Return to search

CREFC’s Pendergast looks ahead to refinancing boom, SOFR transition

The Commercial Real Estate Finance Counci’s executive director believes there’s a lot to be optimistic about going into 2022.

Lisa Pendergast, the executive director of the Commercial Real Estate Finance Council, believes there is a lot to be optimistic about as the US commercial real estate debt markets move into a new year, including a surge in loan refinancings that will drive lending activity and an easier-than-expected adoption of the Secured Overnight Financing Rate as an alternative to LIBOR.

Spreads on commercial mortgage-backed securities and commercial real estate collateralized loan obligations are tight, which points to strong demand for the securities.

“There has been strong interest in CMBS and CRE CLOs,” Pendergast told Real Estate Capital USA. “The fact that bond spreads on CMBS and CRE CLOs has remained very tight is a good indication of demand.”

Pendergast also cited significant number of loans slated for maturity this year as a potential boon for refinancing activity. “I think what we’re seeing is there’s a significant balance of loans that are maturing, that need to be refinanced, and folks are going to want to do that sooner than later,” she added.

Despite broader concerns about inflation and looming intertest rate hikes, Pendergast sees the Federal Reserve’s growing commitment to quelling inflation as a positive sign for real estate finance and the economy more broadly. “I’m glad the Fed has decided that [inflation] is not transitional, and that they think that they need to address it,” Pendergast said.

Conduit comeback?

With the Federal Reserve indicating three to four interest rate hikes in 2022, Pendergast expects the beleaguered conduit CMBS market, which is almost exclusively made up of fixed-rate bonds, to see increased interest from borrowers eager to secure favorable debt before it goes away.

“The prospect of higher interest rates means that more borrowers could move to lock in rates,” Pendergast said. “When you start to see rates back up, anybody who has something on a floating-rate basis is going to want to lock in today’s rate, so that two years from now, they’re not looking at something that’s 300 to 400 basis points higher.”

LIBOR to SOFR

So far, the much anticipated transition away from LIBOR, which had its sunset on December 31, has caused little to no distress for real estate securities.

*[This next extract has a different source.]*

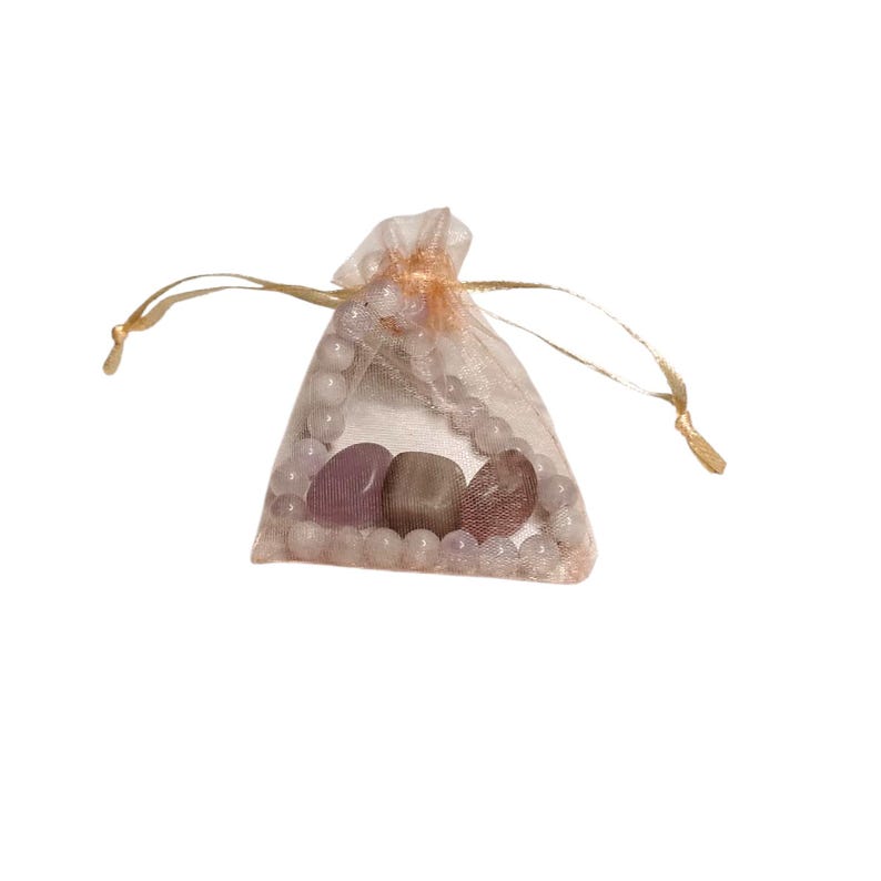 Embrace serenity and spiritual balance with this enchanting Light Amethyst & Fluorite Crystal Set, featuring a delicate light amethyst beaded bracelet paired with three polished fluorite stones. Each piece is thoughtfully packaged in a satin drawstring pouch, making it perfect for personal use or gifting.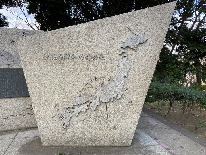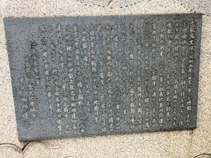 右側の碑には、日本全図と測量に使ったであろう天球儀(渾天儀)を組み合わせた図が描かれています。左側の碑には、東京地学協会会長の碑文が記されています。

SOFR has emerged as the preferred LIBOR replacement, yet with LIBOR deals not completely phased out for another 18 months, there is still uncertainty about how the post-LIBOR market will look.

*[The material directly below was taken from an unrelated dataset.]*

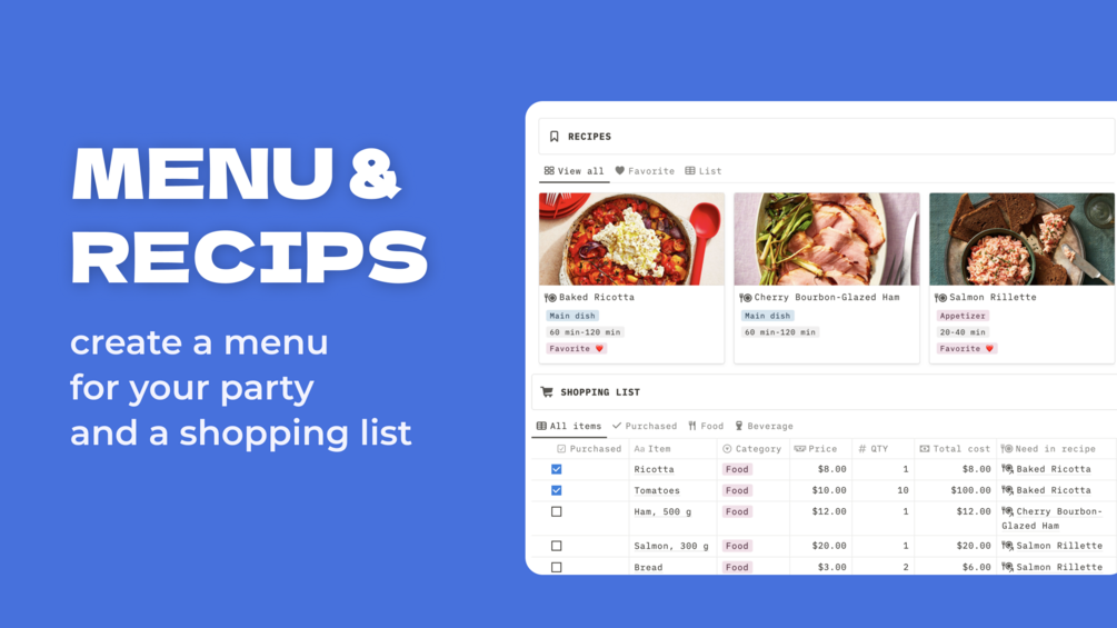 What's a party without food? In this section, you can create a menu for your party β fill in recipes, choose your favorites with friends, and create a shopping list.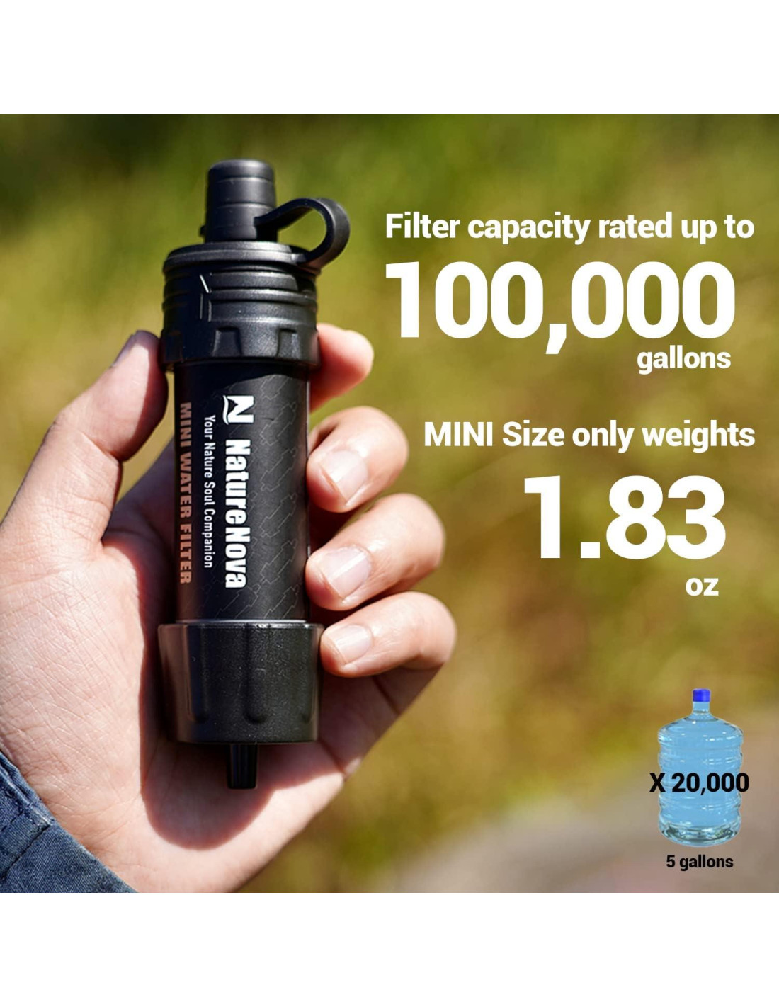 NatureNova es el sistema de filtración de agua personal más ligero y versátil, el Filtro de Agua MINI de 1.83 oz (51.8 g) cabe en la palma de tu mano. Con este filtro compacto y fácil de llevar, puedes enroscarlo en una botella de agua de plástico o usarlo con una bolsa de agua como un sistema de gravedad o filtro de cubo, también puedes beber directamente de la fuente de agua con una pajilla, perfecto para una mochila ultraligera, senderismo y camping. También es tu buen compañero para exploraciones, viajes nacionales o internacionales, preparación para emergencias.

Pendergast said she is somewhat concerned about the market overwhelmingly picking one benchmark to replace LIBOR, which could have an impact on bonds that reference another benchmark.

“At some point, if you ever coalesce around one benchmark, whatever isn’t that benchmark could possibly trade back poorer. You’re kind of the also-ran benchmark, you’re a little different than the rest,” she added.

As for now, Pendergast sees SOFR playing a larger role in CRE securitization. “There will be seeing CMBS deals that are issued, probably in the next three weeks that are going to reference SOFR,” Pendergast said.